Despite the lack of an energy crisis during the Clinton presidency, President Clinton’s national energy policy was reactive to a new phenomenon, climate change. Although it took Clinton until 1998 to officially propose a national energy strategy, much of the energy policy focus of his administration was on climate-related issues, marking a significant shift in national energy policy once again. Regardless, Clinton’s 1998 national energy strategy still faced major roadblocks. “The administration’s ability to follow through on these proposals was hampered by federal budgetary constraints and congressional opposition.”

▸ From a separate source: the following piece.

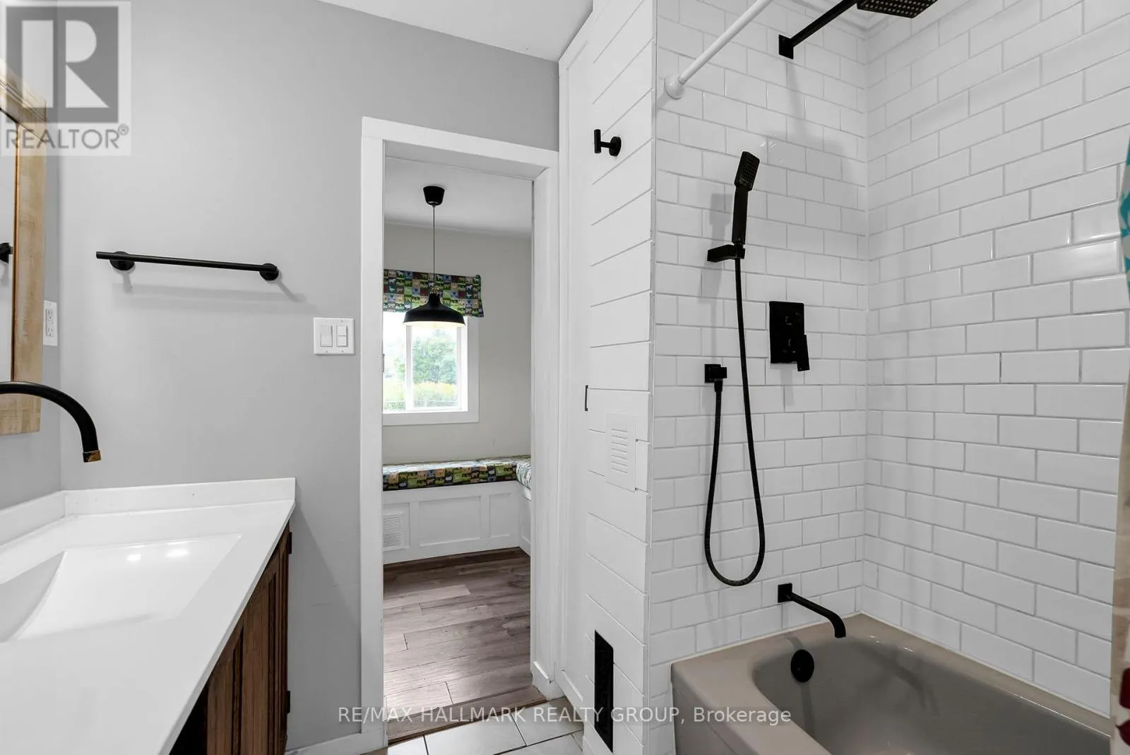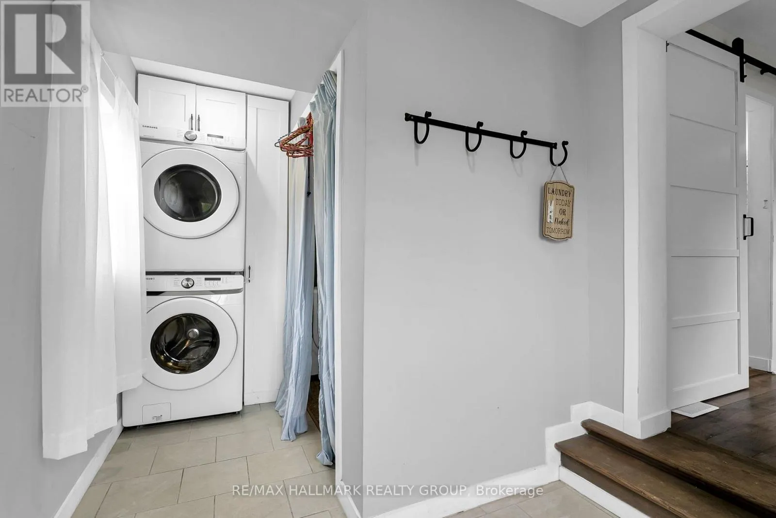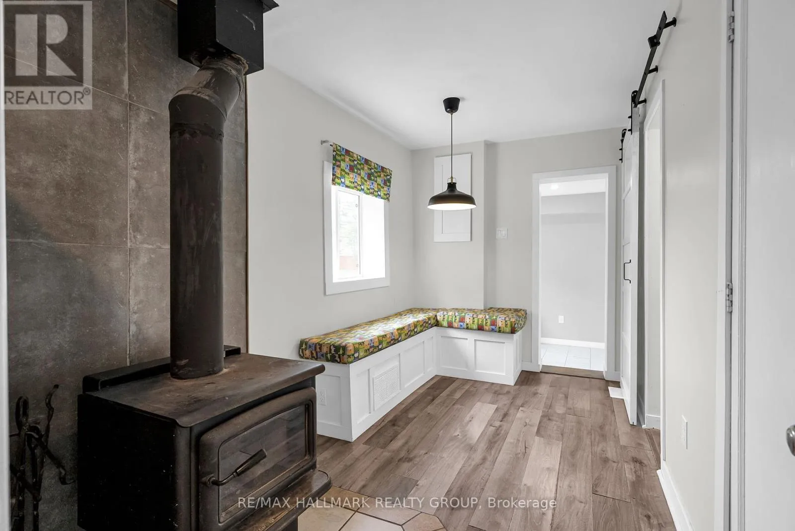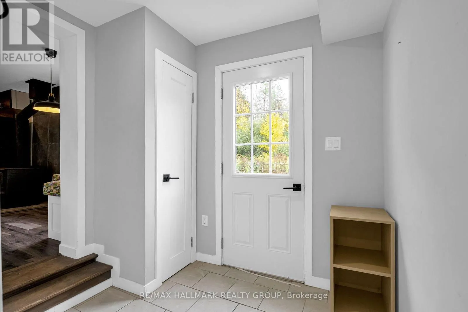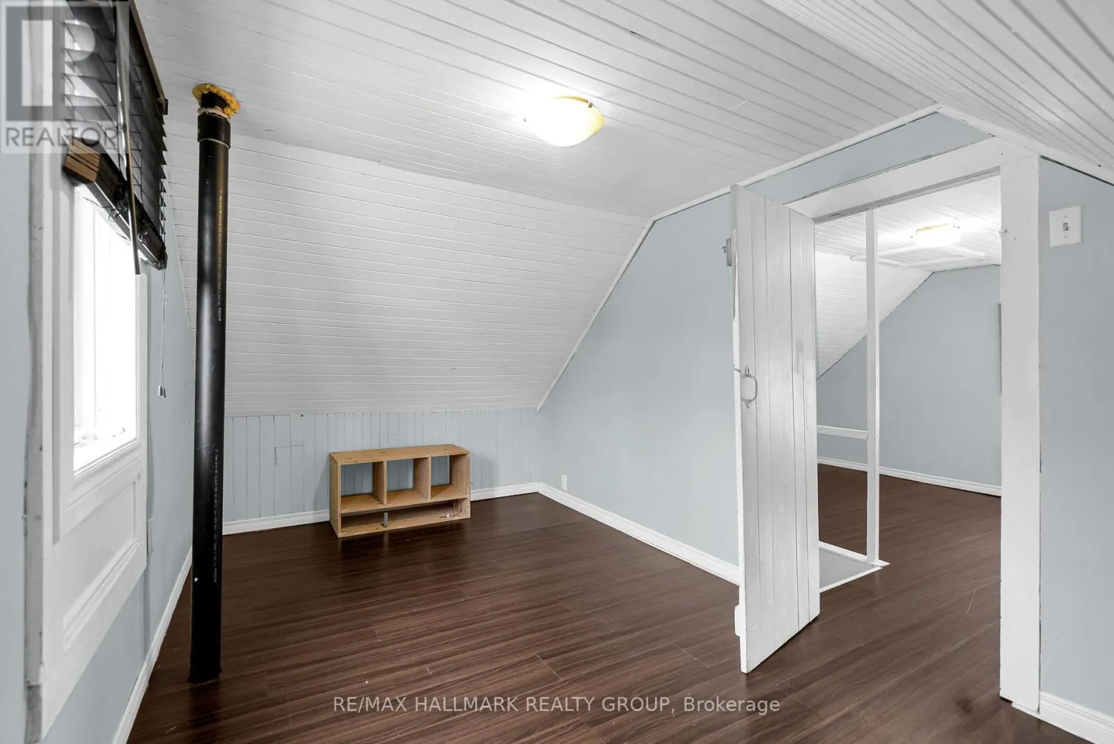 Cross Streets: County Road 1 / Clark Road. ** Directions: County Road 1, turn left on Clark Road. Charming farm style residence boasting a crisp white exterior with contrasting black roof in the quiet village of Mountain, North Dundas. Set on a sprawling 0.98-acre south-facing lot surrounded by nature, the grounds offer plenty of cleared space for gardening or recreation and the soaring trees provide a picturesque backdrop. Bonus detached garage is perfect for the hobbyist! Step inside and be greeted by your foyer and main floor laundry, followed by the dining area with wide plank laminate floors! The L- shaped kitchen features granite counters, ceramic backsplash, and plenty of cabinetry for storage. At the back of the home a spacious family room is a great space for entertainment and leads directly to your wood patio overlooking the backyard. Modern 4pc main bathroom with decorative panelled wall, tile floor, vanity with matte black hardware, and tub/shower with white tile surround. Upstairs is the primary bedroom and 2nd bedroom. More than a home, a quiet lifestyle - book your viewing today! 24 hours irrevocable. (id:27476)
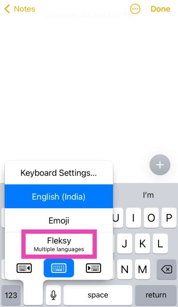 4. Adım:Ekran klavyesini tetikleyen bir uygulama açın.Uzun basın.kürekveyaemoji simgesive seçFethsy.

President George W. Bush entered office amid pressing energy issues that put energy policy at the forefront of his agenda. Widespread blackouts plagued California and there existed oil and natural gas shortages in many parts of the country. To address these problems, Bush appointed a group led by Vice President Cheney to compose a national energy strategy. The resulting strategy aimed at: increasing energy supply, promoting conservation, efficiency, renewables and alternative energy technologies, promoting the development of unconventional fuels, expanding critical energy infrastructure, and strengthening national energy security safeguards and international relationships to secure supply of oil. This national energy strategy translated into policy quite smoothly, as many of the components of the proposal were embedded in Securing America’s Future Energy Act of 2001, passed on August 2, 2001. Although the attacks on September 11 of course diverted attention from furthering Bush’s national energy policy, Congress passed the Energy Policy Act of 2005, and the Energy Independence and Security Act of 2007, both of which incorporated many aspects of Bush’s National Energy Strategy, most notably increased fuel efficiency standards in cars and the increased use of ethanol in gasoline.

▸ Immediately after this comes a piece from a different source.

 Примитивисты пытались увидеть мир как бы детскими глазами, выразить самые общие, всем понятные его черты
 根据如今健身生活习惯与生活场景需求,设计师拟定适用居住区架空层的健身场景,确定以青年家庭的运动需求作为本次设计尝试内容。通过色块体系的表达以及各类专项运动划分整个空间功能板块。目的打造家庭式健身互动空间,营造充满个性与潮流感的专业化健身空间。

The Bush administration has been the most recent to develop and implement a comprehensive national energy plan geared towards energy independence. President Obama has incorporated certain energy policies into other pieces of legislation, such as including the creation of clean energy jobs and subsidies into the stimulus package, but Obama has yet to form and implement a comprehensive national energy policy of his own. The true success of the policies enacted under President Bush are yet to be seen, and much of the success of these policies will rely on President Obama’s decision to either build on the Bush administrations’ policies or take the United States in a new direction by creating a national energy policy.
Ever since the grave dangers of energy dependence became so clear in 1973, eight presidents have promised energy independence and eight presidents have proposed measures to achieve it. Through national energy plans, strategies or policies, each President and his administration has put forth a set of goals and ideas that promising to lead the United States towards energy independence. However, after eight administrations of promises, none of these national energy plans or strategies have been successful, as the United States remains only ~80% energy independent to this day. The past half-century of these failures has been marred by the lack of continuous policy across administrations, lack of congressional support, and the symbolic and seemingly unrealistic nature of the policies proposed.

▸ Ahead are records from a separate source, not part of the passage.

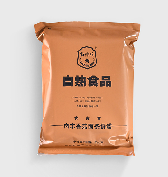 爽滑入口的白面條與營養(yǎng)豐富的肉末香菇,香氣撲鼻,營養(yǎng)均衡。搭配潤口美味的火腿與甜脆小黃瓜,不僅有營養(yǎng),而且十分下飯。高溫滅菌工藝,使其擁有常溫下超長的保質(zhì)期(24個(gè)月)。簡(jiǎn)單易操作,既可以注水后完成一刻鐘自加熱,也可微波加熱,無需明火,滿足速食時(shí)代“既便捷又營養(yǎng)健康”的追求。袋內(nèi)附有餐盒餐具,不論是工作日的午餐,還是戶外運(yùn)動(dòng)、野外探險(xiǎn)、應(yīng)急搶險(xiǎn)等多種場(chǎng)合,都可以讓你美餐一頓。
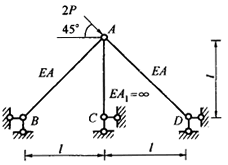 图示桁架中AC为刚性杆,则杆件内力将为:()
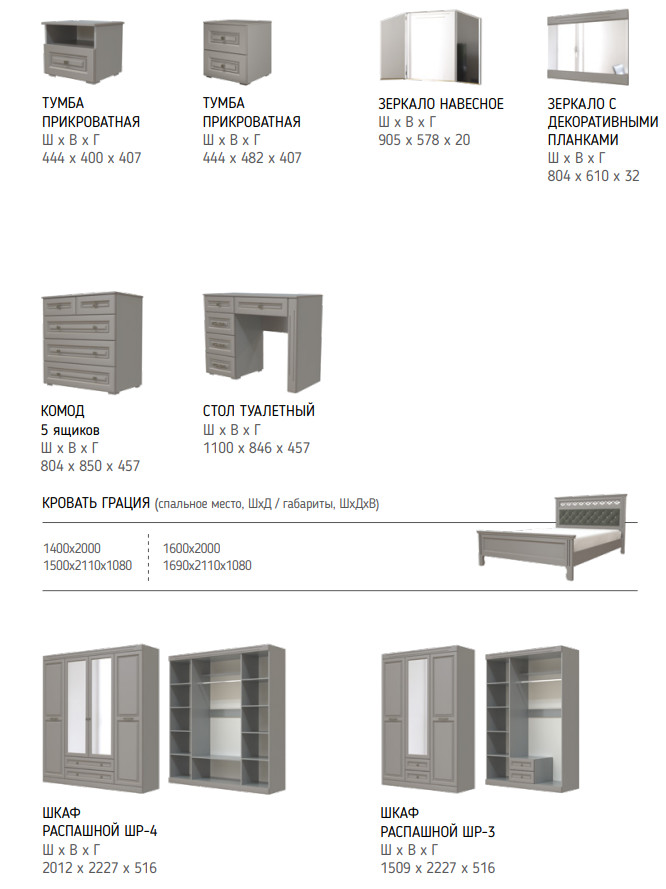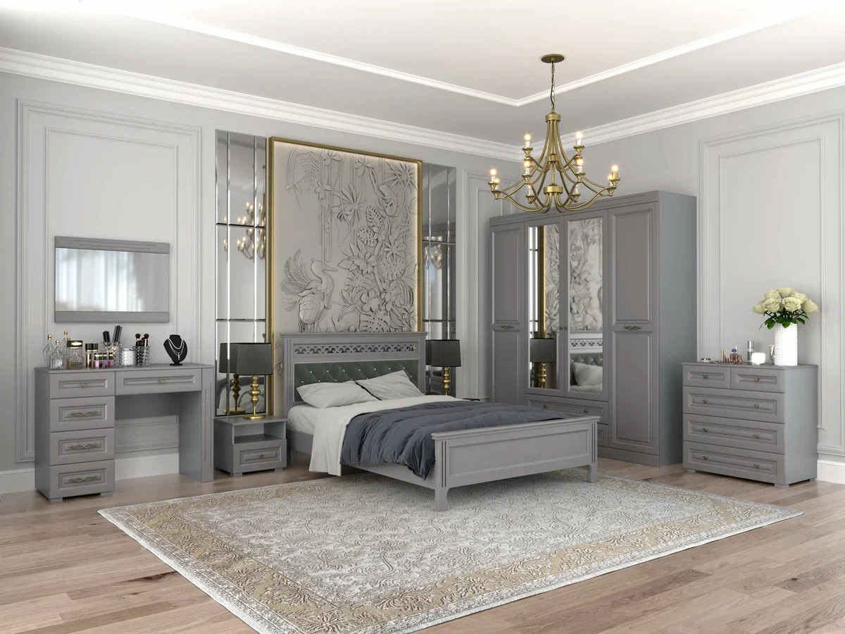Цена за комплект: зеркало навесное с декоративными планками, стол туалетный, тумба прикроватная 1 ящик, комод 5 ящиков, шкаф для одежды ШР-4, кровать двойная "Грация" 1400, Комплектующие на кровать с ламелями 1400 мм
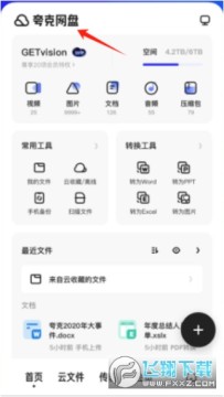 2、点击夸克网盘页面,显示网盘空间及GETvision,有常用和转换工具,可管理文件。
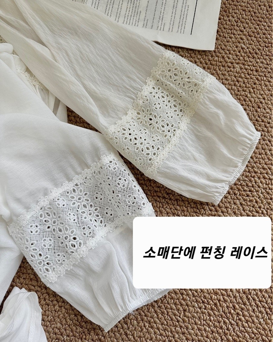 品名:브이넥 펀칭레이스 블라우스 ◎※☞颜色:아이보리, 화이트 ◎※☞尺寸:FREE ◎※☞材质:纯棉 100% ◎※☞注意事项:只能干洗,只能手洗,不能手洗,机洗,不能使用漂白剂,不能烘干,不能熨烫,不能曲折

Today, many believe that American energy independence is truly on the horizon. Massive discoveries of shale natural gas reserves and improvement in oil extraction technologies have sparked a boom in the production of American energy. If American energy independence comes to fruition this time around, it will be the result of a major, unforeseen production boom, and not the result of the unsuccessful policies enacted by the last eight presidents of the United States.